ここまで頑張ってきたのですから、もう頭の中は夢の住まいにひとっ飛び・・・のはずでしたが、
やっぱりあるんです、トラブルが。

大きなトラブルにはなりませんでしたが、それでも当時はショックを受けました。

いよいよ土地が決まったら、
仮契約を交わして、書類を作成してから売買契約(本契約)を結びます。
この後の手続きは、売買契約に基づいて進められますが、
私の場合は『売買契約後に更地にして引き渡し』という条件でした。
(どのタイミングで更地にするか?誰の負担か?などは契約ごとに異なります。)

ですので、契約してから建物の解体が始まりました。

このとき、解体費用は売主が負担という契約だったのですが、
それが元でトラブルが発生しました。

実は、古い建物の下には地盤改良のための杭が埋まっていて、
これを抜くのには解体費とは別に費用が掛ります。

また、この杭は結構シッカリしたものだったため、
その撤去費用が想定していたよりも高くなってしまったようです。

そこで売主側の不動産屋さんAから、
『この地盤改良の杭を残したまま引き渡したい』という提案というか相談がありました。

それをAからB、つまり私が雇った不動産屋さんへ相談が来て、
その後Bの担当者から私の元へ連絡がきました。

不動産屋さんB曰く、
「頑丈な杭だから、次の建物にも使えますよ。地盤改良費が浮いて、ラッキーじゃないですか。」
ということでした。

なんだかイヤな予感・・・。

この手の提案で、私にとって有利な提案があろうはずもありません。
こういうことは、簡単に判断して、安易に回答してはいけません。

よくお考えください。
もしも買主にとって有利な条件なら、初めに言うじゃないですか。
『○○なので、お得!チャンス!ラッキー!ぜひ契約してください!』
って広告に書くか直接話があるじゃないですか。

でも、そんな話はなし。
後から『いい話ですよ・・・』なんて言われても、信ぴょう性ゼロ。

そもそも契約も終わって重要事項説明にもバッチリ『杭は撤去する』と記載しているのです。

とにかく、こんな時は『安易に即答しない』。
これは役に立つので覚えておいてください。

さて、私は不動産業者Bの勢いに流されることなく(相当な勢いでまくしたてて来ます)、
『即答はできません・・・』とだけ伝えました。
これは、議論になっても私にはリスクしかないから、です。

そもそも話を続けてはいけません。
『重要事項には杭は撤去すると書いているじゃないですか。』
『そんな話は聞いていません。』
・・・などと、正論で話を続けたら、その時点で私は半分負けです。

先方はダメ元で話しているので、そもそも失うものがなくて必死に交渉してきます。
対して、私には失うものがたくさんあります。完全に私に不利な状況なのです。

どうせ何を言っても、相手は、
『杭は再利用できるって言ってるでしょう。』
『あなたに損のない話だからワザワザ電話しているのです。

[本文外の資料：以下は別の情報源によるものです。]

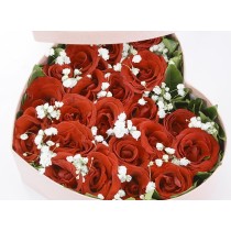 Esta caixa em forma de coração com rosas vermelhas pode ser entregue em qualquer lugar da China, incluindo Hong Kong, Macau e Taiwan.
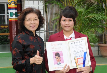 在這段時間裡,不管比賽的結果如何,我學到了很多很多東西,這是結果無法取代的。想當初一年級就開始留下來訓練,在這中間從不會到會,也換了指導老師,剛開始與抽籤選手不熟也沒交談過,但是自從開始練習時互相交流了很多東西,很謝謝老師每天不畏辛苦的指導我們,雖然常常練習練到挫折,但是自己清楚 地知道,一生只有一次的機會,不能怕跌倒,要努力站起來。 每當作品有不好的地方,謝謝美容科老師們的指教和糾正,才能一次次達到一定的水準 。回到班上時,班上的同學和班導總是給我鼓勵打氣,真的很感動,原來不是我自己一個在奮戰。 |

』
・・・と、いくらでも反論できるのです。
だから、そもそも話を続けてはいけません。

落ち着いて、その場は引き下がります。

『既に建物の打合せも進んでいるので、建築会社と相談しますので、後日回答します。』
これが正しい回答です。

だいいち、先方は海千山千で『私が雇い主だから・・・』なんて義理は全く感じていません。
なぜなら契約は既に交わされていて仲介手数料も全額支払い済みです。
ある意味、彼の仕事は既に終わっているのです。
本来なら滞りなく土地の引き渡しが済むのを見届ければよいだけのことです。

今回の件も、売主側の不動産屋さん(つまりA)がゴチャゴチャ言わなければ、Bには関係ない話。
私とBをつなぐのは、仲介者としての責任、ただそれだけです。
BだってAからどういう話があったのかわかりませんが、『なぜ今頃・・・』という思いがあったはず。

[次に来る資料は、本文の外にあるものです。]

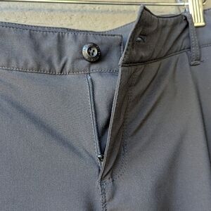 Excellent preowned condition fully fleece lined straight leg cargo pants from Eddie Bauer. Monochromatic black. Zipper fly and button closure. Belt loops. Secure side zipper pocket. Shell 90% polyester 10% spandex. Lining 100% polyester. Very warm. Machine washable. Clean. No flaws.

Bにとって何の得もない話を、ワザワザ私にしてくるには、
それなりにAからBへ強い働き掛けがあったに違いありません。

そんなややこしい関係にはさまれて、私はただトラブルに巻きこまれただけです。

そこでスグに、建築のプロに『旧地盤改良の杭の再利用が技術的に可能』かを訊ねました。
(一応、断る前に技術的な観点での確認を取るのが筋なので、ここは冷静に訊ねました。
技術的に不可能なことなら、誰が何と言おうとこちらは受けられない、ということになります。)

すると、こんな答えが返ってきました。

図面も残っていないものを、何を根拠に頑丈だとか次の建物に使えるとか言っているのかがわかりません。
言葉だけを信じて建物を建てて、後々建物に何かあってもウチは責任を取ることはできません。
つまり、次の建物には使えません。」

・・・まぁ、そうなるわな。
当然の回答が届きました。

ということは、第三者の観点で見ても『杭は再利用不可』ということです。
これで、断っても先方は納得してくれる・・・はずだったのですが。

後日この話を元に、丁重に提案のお断りの連絡をしましたが、なぜか不動産屋さん(B)が折れない。

「近隣の方から、とっても頑丈な杭だったという証言もあります。
図面はありませんが、証言があります。証言があれば十分じゃないのですか!」
といって、引きさがろうとしません。

『へ?』と私は呆気にとられます。
証言って、被告人を裁判に掛けてるワケじゃないのです。
これから何年後かに問題が起こった時に、その証人が建物の保証をしてくれるワケじゃないのです。
ひょっとしたら『カン違いだった』なんてことがあるかもしれません。

建築会社だって、そんな自社で責任を持てない情報を当てにして家を建てることなどできるハズがありません。
見ず知らずの人の証言を元に建物を建てて問題が起こったら一番困るのは私たち家族。
そんなリスクを知った上で、建築会社がこの条件を飲むと思いますか?

仮に、
『私は地盤改良費をケチりたいので杭は再利用してください。
なお、全ての杭に関する責任は私にあります。今後どのような不具合が生じても文句は言いません。』
と私が一筆書けばよいのでしょうが、そんな契約交わすワケがありません。

その後もスッタモンダありましたが、こちらもこうなったら遠慮は無用。
『契約に基づいて、杭は撤去してください!』とだけ言い続けました。

SA270006 写真:これが実際に埋まっていた杭。建築会社だって、工事中にこんなの出てきても困ります。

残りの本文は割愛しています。